Suppose x and y are both female. We know that (x-y)+y=x. If x-y is male, then we have male+female=female, which contradicts the first rule. Therefore, x-y is female. This means that female numbers are closed under subtraction.

We know that there is at least one female number, x. Since x and x are both female, x-x=0 is female. Since 0 and x are both female, 0-x=-x is female. Since x and -x are both female, x--x=2x is female. Since 2x--x=3x, 3x is female. Since 3x--x=4x, 4x is female. Therefore, nx is female for any positive integer n. Since -x-x=-2x, -2x is female. Since -2x-x=-3x, -3x is female.
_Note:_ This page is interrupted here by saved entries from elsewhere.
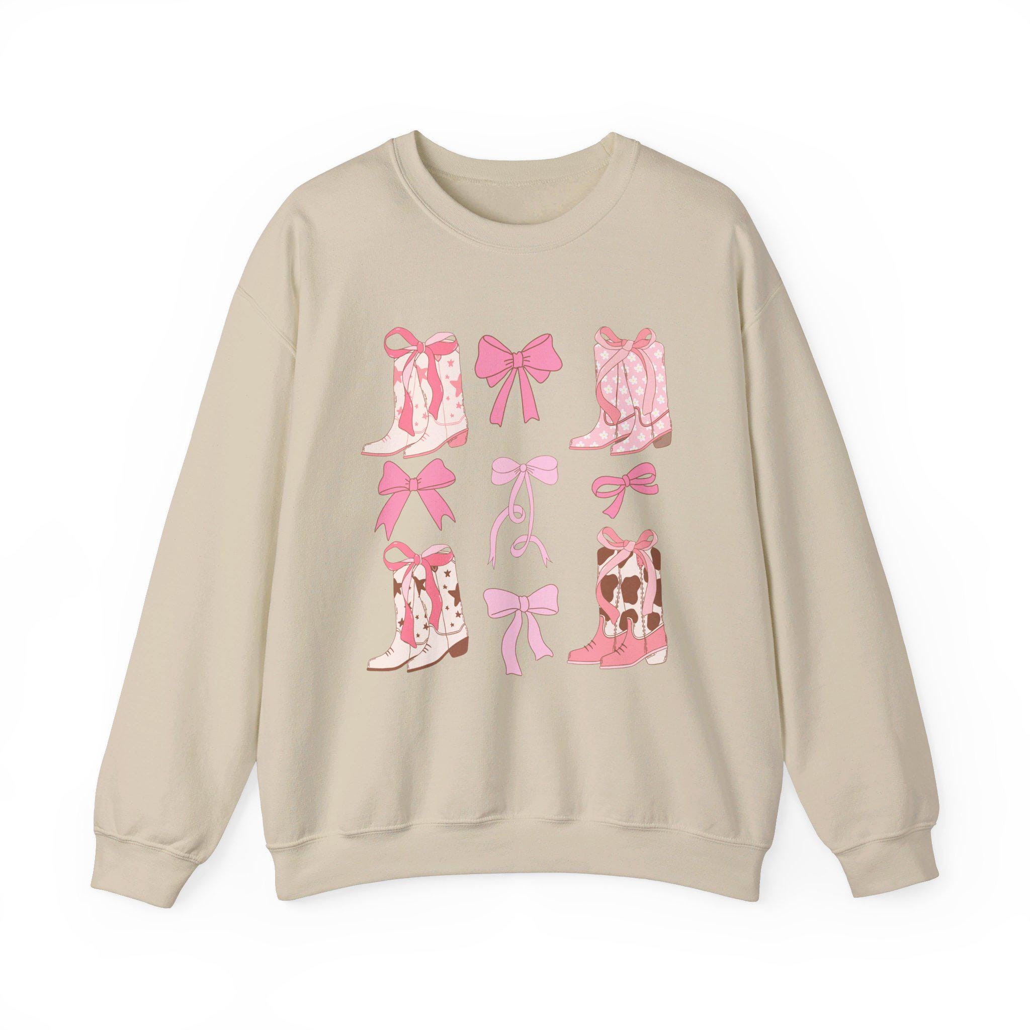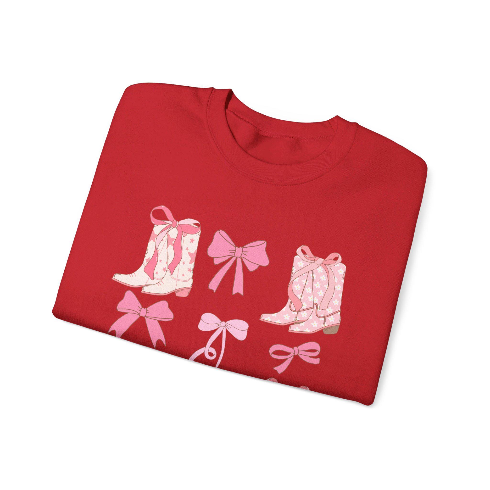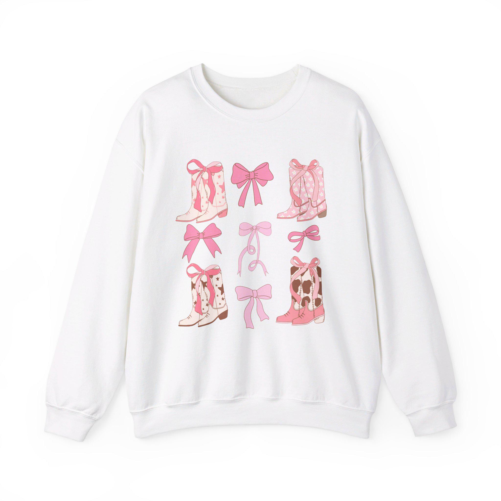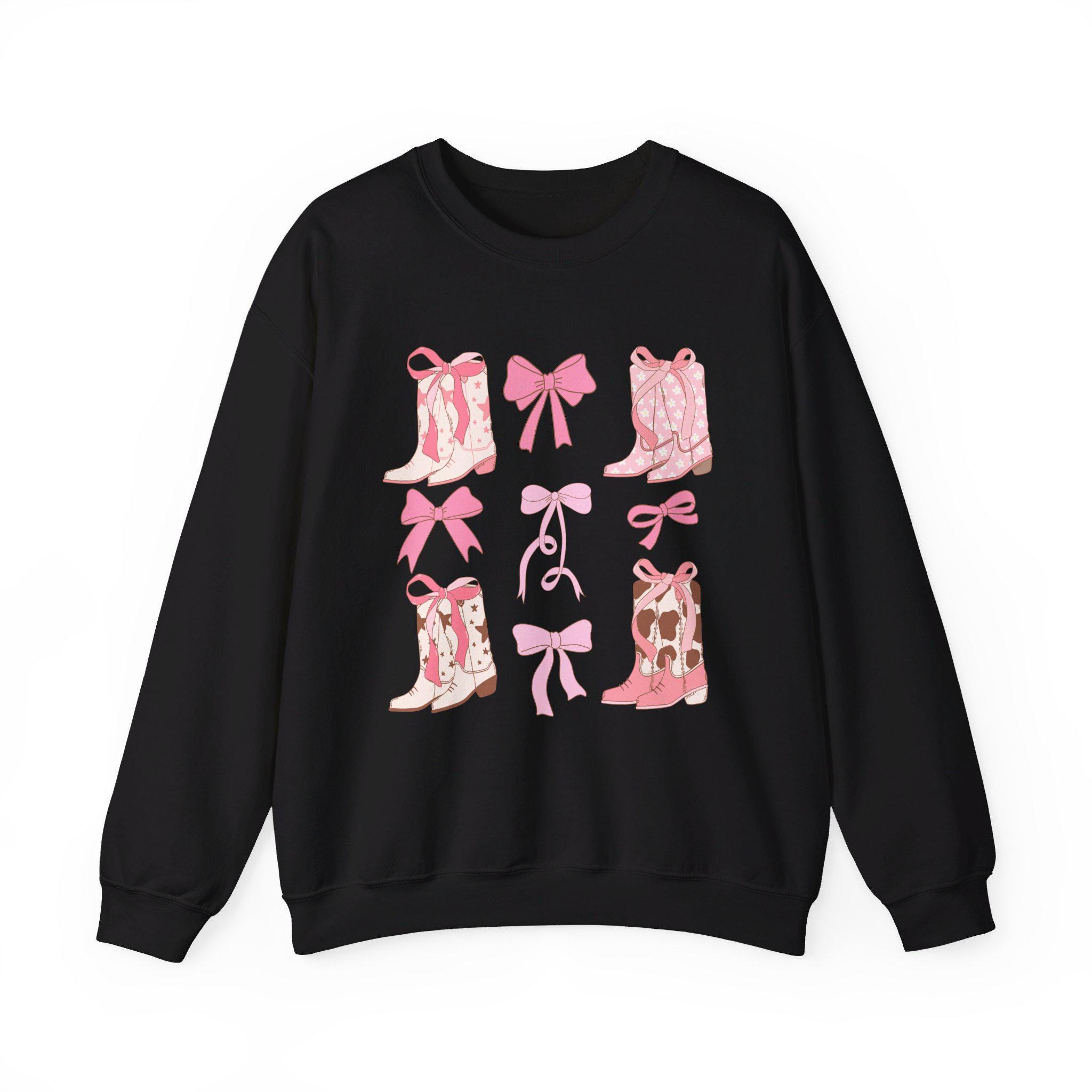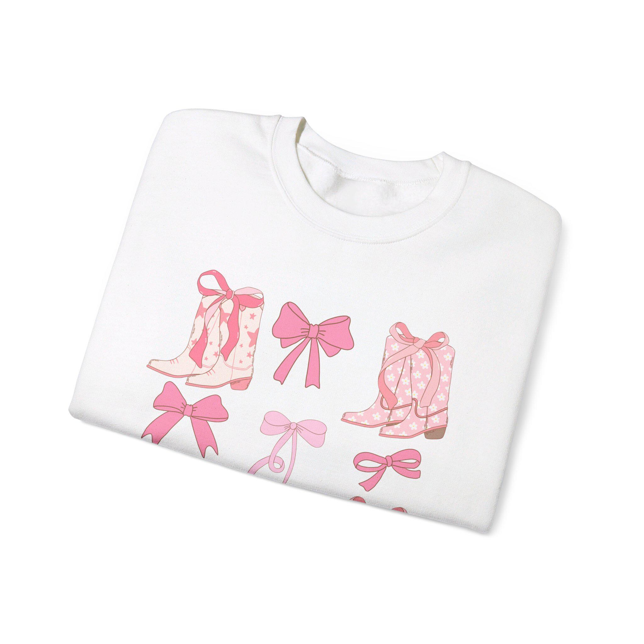 Trendy Western Style Sweatshirt - Bows and Cowboy Boots Design - Coquette Aesthetic Shirt, Pink Boots and Bows, Gift for her, Back to School
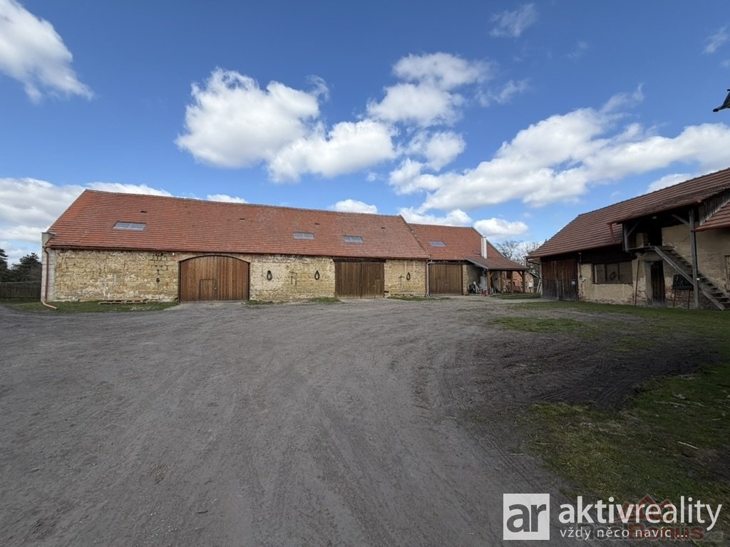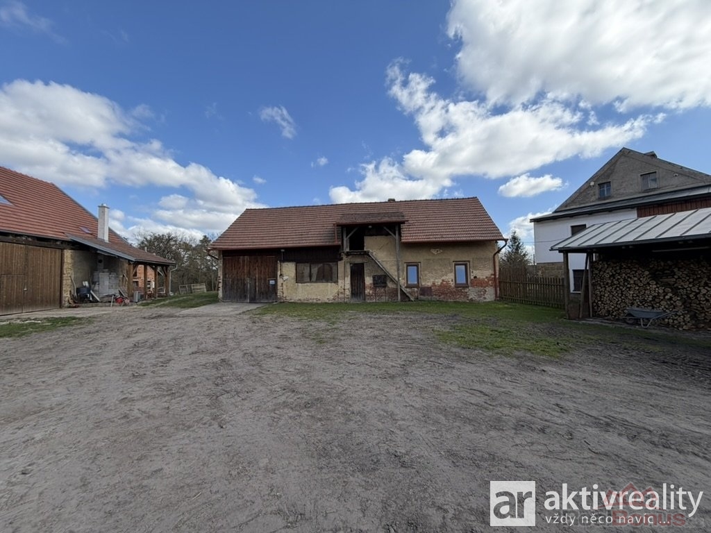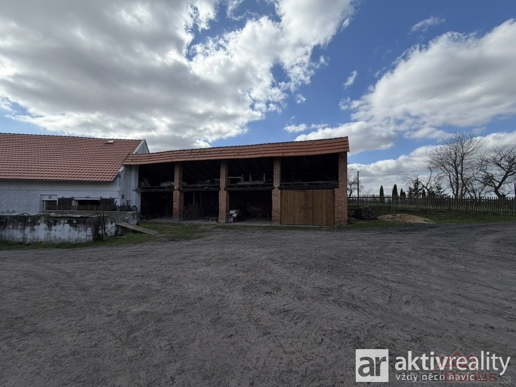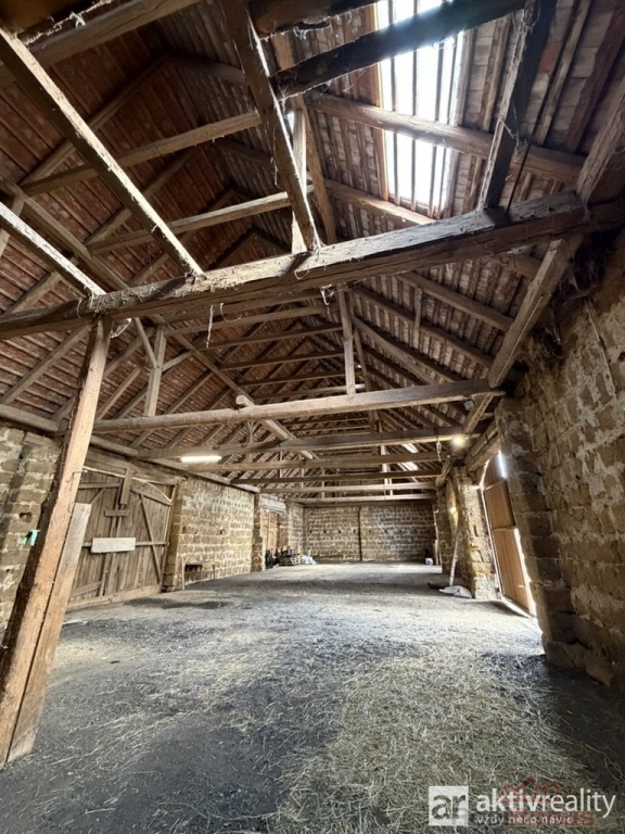 Naproti obytné části se nacházejí dvě hospodářské budovy ? menší a větší chlévy, které jsou v dobrém technickém stavu. Větší chlév má přibližně 320 m2, menší okolo 35 m2. Obě stavby mají pevné zdivo, jsou suché a stabilní, a nad nimi se rozkládá rozsáhlý půdní prostor vhodný pro skladování nebo další využití. Na stodolu dále navazuje vysoký otevřený přístřešek o ploše přibližně 122 m2, který nabízí další prostor například pro techniku či materiál.
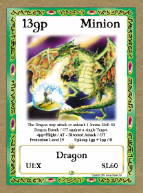 Innate Ability: The Dragon may attack or unleash 1 Innate Skill 40 Dragon Breath / OT (On Turn) against a single Target. 4pp = Flight / AT (Any Turn) - Directed Attack / OT (On Turn). Protection Level 25. Upkeep 1 gold piece + 1 powerpoint per round.
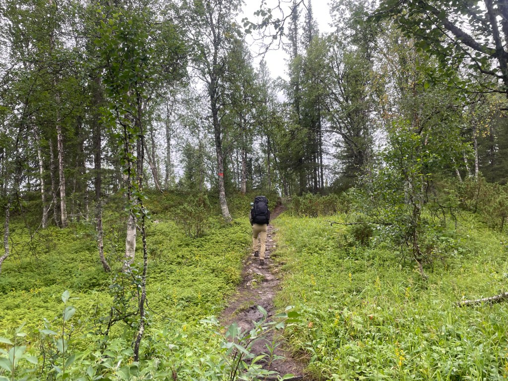 The thunder and most of the rain missed us. So it turned out to be a fine night. We got up and packed everything as usual. However, today would be Donald’s last day. Very sad to lose my compagnon, but glad that we made it in time to Kvikkjokk. Or at least we still had to walk 20+ km, but we could do that. First 10km to the last hut and then 14km to Kvikkjokk. The route would be through the forest for nearly all. Which means no grand views and a lot of roots and rocks to step over.

Since -3x-x=-4x, -4x is female. Therefore, nx is female for any integer n. If x and y are both female, then xy is female, so R1 is female.

Suppose x and y are both female. Then, -y is also female. Therefore, x--y=x+y is female, so R2 is female.

If 0 is the only female number, then the female numbers are the multiples of 0. Otherwise, there is a female number x that is not 0. If x is positive, then there is a positive female number. If x is negative, then -x is a positive female number. Therefore, there is a positive female number. Let x be the smallest positive female number. We know that all multiples of x are female. Suppose y is not a multiple of x. Then, y=ax+b for some integers a and b, 0<b<x. Since x is the smallest positive female number, b is male. Since all multiples of x are female, ax is female. Therefore, b+ax=y is male since male+female=male. This means that the female numbers are the multiples of x.

Suppose x=10. Then, 2, 3, and 5 are all male. 2*5=10 is female, but 2*3=6 is male. Therefore, R3 could be either. 5+5=10 is female, but 3+3=6 is male. Therefore, R4 could be either.